▸ TASK TO COMPLETE
Transcribe the full listing exactly, and drop every picture.

*** PROVIDED DATA ***

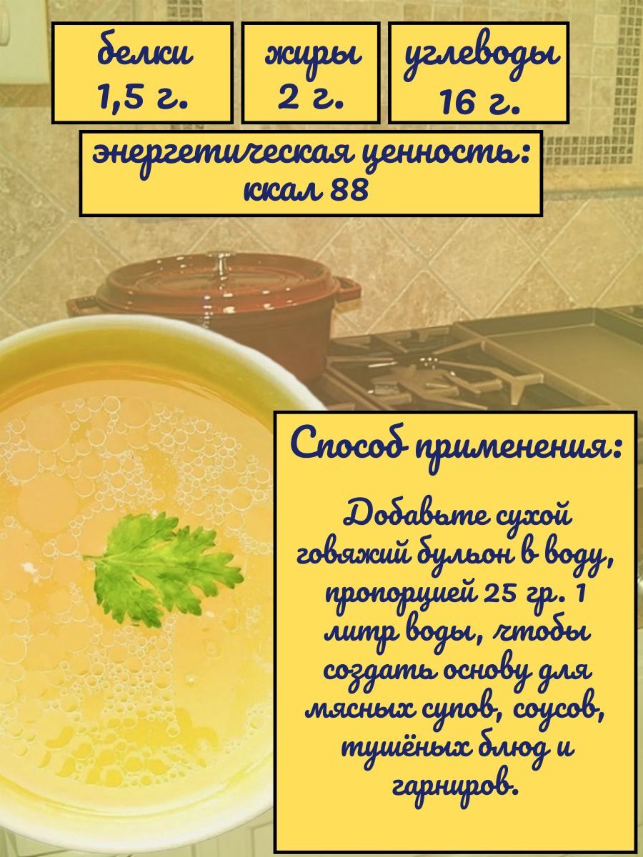Универсальность применения – подходит для борщей, рагу, мясных подлив, тушёных овощей и маринадов. Легкость приготовления – быстро растворяется, создавая насыщенный бульон без долгой варки.
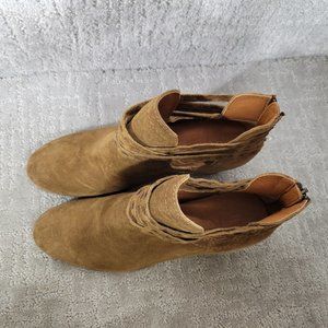 Frye Naomi Pickstitch Women's Size US 9B Brown Suede Strappy Ankle Bootie Boots.
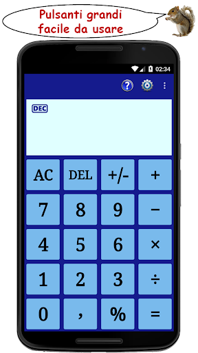 Una calcolatrice semplice, facile da usare, progettata per essere più funzionale rispetto al modello installato di default - include anche una Mancia Calcolatrice e una Prestito Calcolatrice, entrambi i quali è possibile accedere dal menu - caratteristiche del calcolatrice principale includono:

*** End of PROVIDED DATA ***

▸ COMPLETED TASK
Универсальность применения – подходит для борщей, рагу, мясных подлив, тушёных овощей и маринадов. Легкость приготовления – быстро растворяется, создавая насыщенный бульон без долгой варки.
 Frye Naomi Pickstitch Women's Size US 9B Brown Suede Strappy Ankle Bootie Boots.
 Una calcolatrice semplice, facile da usare, progettata per essere più funzionale rispetto al modello installato di default - include anche una Mancia Calcolatrice e una Prestito Calcolatrice, entrambi i quali è possibile accedere dal menu - caratteristiche del calcolatrice principale includono:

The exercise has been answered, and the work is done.